En el ámbito internacional, Rusia busca recuperar su influencia global, cuestionando el orden liderado por Estados Unidos. Junto con China (otra potencia capitalista) encabeza los BRICS, un bloque que incluye a economías emergentes y que aspira a construir un mundo multipolar. Las acciones más contundentes en esta dirección han sido la anexión de Crimea en 2014 y la actual guerra contra Ucrania. Rusia también ha fortalecido lazos con regímenes autoritarios en Asia y América Latina, incluyendo a Venezuela, Cuba y Nicaragua.
Sin embargo, este esfuerzo ha enfrentado serios obstáculos. Las sanciones económicas impuestas por Occidente debido al conflicto en Ucrania han afectado gravemente su economía, mientras que la suspensión de contratos energéticos con Europa ha reducido significativamente sus ingresos. Además, la inestabilidad en Medio Oriente, incluida la caída del régimen de Bachar al Asad, pone en riesgo su única base naval fuera de sus fronteras, situada en el Mediterráneo.
En este contexto, la proyección de Rusia combina elementos de capitalismo estatal autoritario, nacionalismo conservador y pragmatismo geopolítico. Esto contrasta con el fallido “Socialismo del siglo XXI” promovido por el MAS en Bolivia, cuyas coincidencias con el modelo ruso son, en el mejor de los casos, marginales.
Rusia ha mostrado un claro interés en el litio boliviano.

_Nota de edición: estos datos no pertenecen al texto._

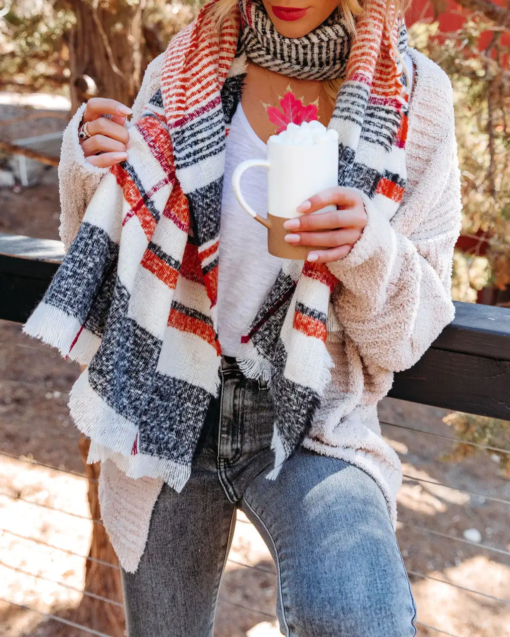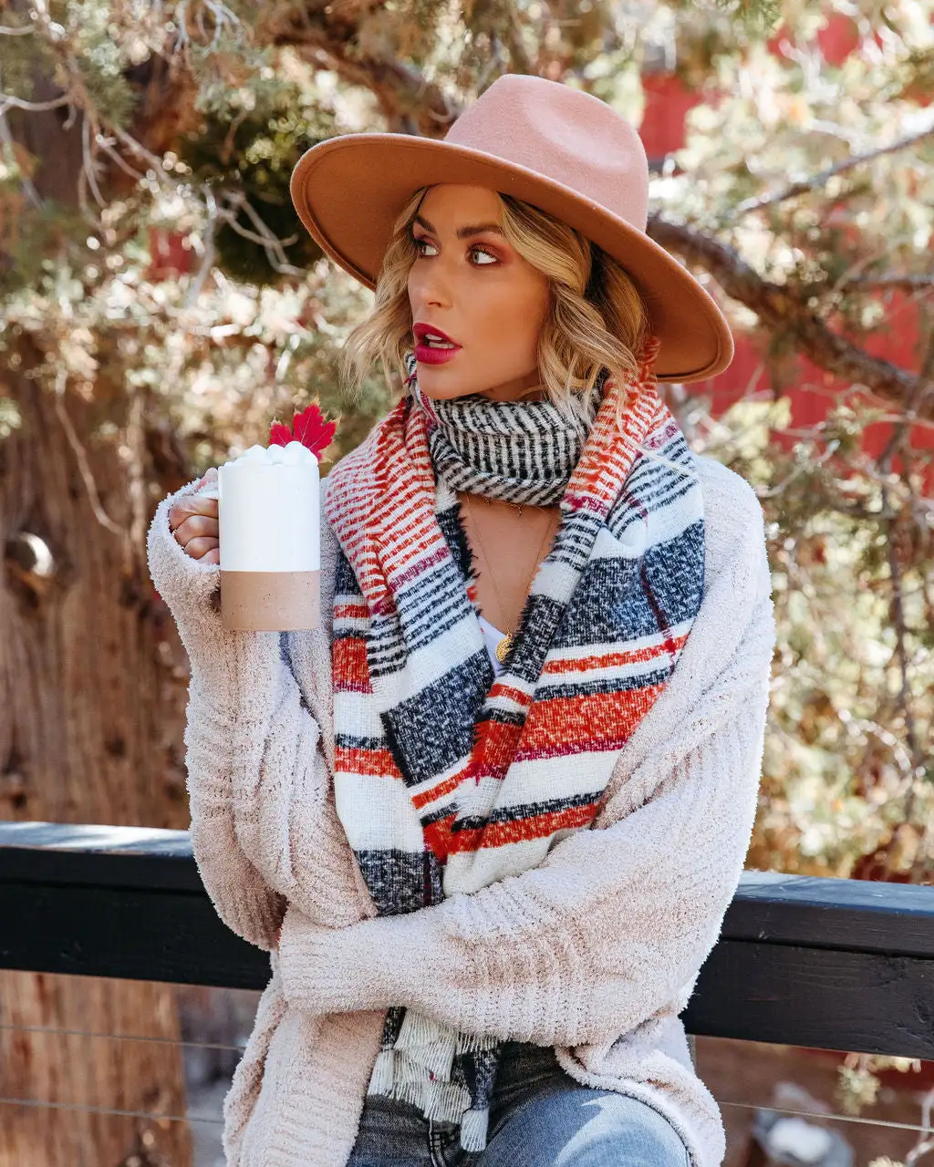 Like a warm hug for your neck! Our Jenesis Striped Scarf features black, orange, burgundy, and ivory hues. Designed with frayed edges. Made in the softest knit ever! Styled with the El Dorado Hat, The Buddha Wheel Necklace, Physique Racerback Tank, and Thorn Soft Knit Cardigan.

Bolivia ya ha firmado un contrato con Uranium One Group para la producción de litio grado batería, en un proyecto que se extenderá hasta 2027 con una inversión anunciada de 975,7 millones de dólares. Sin embargo, la falta de transparencia en el contrato ha generado dudas. Mientras el gobierno asegura una participación del 51% para Bolivia frente al 49% de la empresa rusa, analistas críticos afirman que la distribución real podría ser de 32% para Bolivia y 68% para Rusia. Ambas cifras, sin embargo, están lejos del prometido 80-20% que se mencionó en los contratos petroleros del pasado nacionalizador del MAS.
Otro sector de cooperación rusa es el nuclear, para ello está en etapa final el Centro de Investigación y Desarrollo en Tecnología Nuclear (CIDTN), en la ciudad de El Alto. Este proyecto, desarrollado en colaboración con la Corporación Rosatom de Rusia, incluye instalaciones como el Complejo Ciclotrón Radiofarmacia Preclínica y el Centro Multipropósito de Irradiación, ya operativos. Se espera que el complejo reactor nuclear de investigación, actualmente en construcción, comience a operar en 2025, ofreciendo beneficios en minería, salud, agricultura y otros sectores.
Más allá de estos proyectos, Bolivia ofrece a Rusia un activo menos tangible, pero valioso: su voto en organismos internacionales. Este alineamiento, que en ocasiones contradice la vocación pacifista inscrita en la Constitución Política del Estado, refleja una estrategia de apoyo incondicional que merece ser cuestionada.
La relación entre Bolivia y Rusia plantea interrogantes sobre la sostenibilidad de los acuerdos actuales y su impacto a largo plazo en la economía y la soberanía del país. En un escenario global marcado por tensiones crecientes, esta alianza podría resultar tan prometedora como riesgosa para el futuro boliviano.
Javier Viscarra es periodista y diplomático.